Increases in serum AST (SGOT) and/or ALT (SGPT) concentrations have been reported in approximately 1-2% of patients receiving the usually recommended gemifloxacin dosage in clinical studies. Such increases were not associated with clinical manifestations and resolved following discontinuance of the drug. In a limited study evaluating a higher dosage of gemifloxacin (640 mg daily), transient increases in ALT concentrations were reported in 4% of patients and were 8-10 times the upper limit of normal in at least 2 patients.
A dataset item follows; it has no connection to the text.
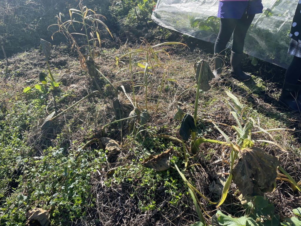 今日は霜に何度か当たってクタクタになってしまった里芋と生姜を収穫しに来ました。ちょっと霜に当てすぎた感じですが、芋は無事でしょうか。

Specific Populations Pregnancy Category C. Lactation

Gemifloxacin is distributed into milk in rats. Since it is not known whether gemifloxacin is distributed into milk in humans, the drug should not be used in nursing women unless the possible benefits outweigh the potential risks.

Pediatric Use

Safety and efficacy not established in children or adolescents younger than 18 years of age.

Geriatric Use

Approximately 30% of patients included in clinical studies of gemifloxacin were 65 years of age or older and 12% were 75 years of age or older. No overall differences in safety or efficacy were observed between geriatric individuals and younger adults. However, the incidence of rash appears to be lower in geriatric patients than in those younger than 40 years of age; the reason for this observation has not been clearly elucidated. No dosage adjustment is necessary in geriatric patients.

Renal Impairment

Following administration of repeated doses of gemifloxacin (320 mg once daily) in patients with renal impairment, renal clearance of the drug was reduced and plasma elimination half-life prolonged, resulting in an average increase in area under the plasma concentration-time curve (AUC) of 70%. Dosage adjustment is recommended for patients with creatinine clearance of 40 mL/minute or less.

Hepatic Impairment

Following oral administration of a single 320-mg dose of gemifloxacin, peak plasma concentrations increased by 25 or 41% in patients with mild or moderate (Child Pugh class A or B) or severe (Child Pugh class C) hepatic impairment, respectively, and AUC increased by 34 or 45%, respectively. No dosage adjustment is necessary in these patients.

Common Adverse Effects

Adverse effects occurring in 1% or more of patients receiving gemifloxacin in clinical studies include diarrhea (2.3-5.1%), rash (2.8-5.2%), nausea (2.6-4.3%), and headache (1.2-3.4%). Adverse effects occurring in 0.1-1% of patients receiving gemifloxacin include abdominal pain, anorexia, arthralgia, constipation, dermatitis, dizziness, dry mouth, dyspepsia, fatigue, flatulence, fungal infection, gastritis, genital moniliasis, hyperglycemia, insomnia, leukopenia, moniliasis, pruritus, somnolence, taste perversion, thrombocythemia, urticaria, vaginitis, and vomiting.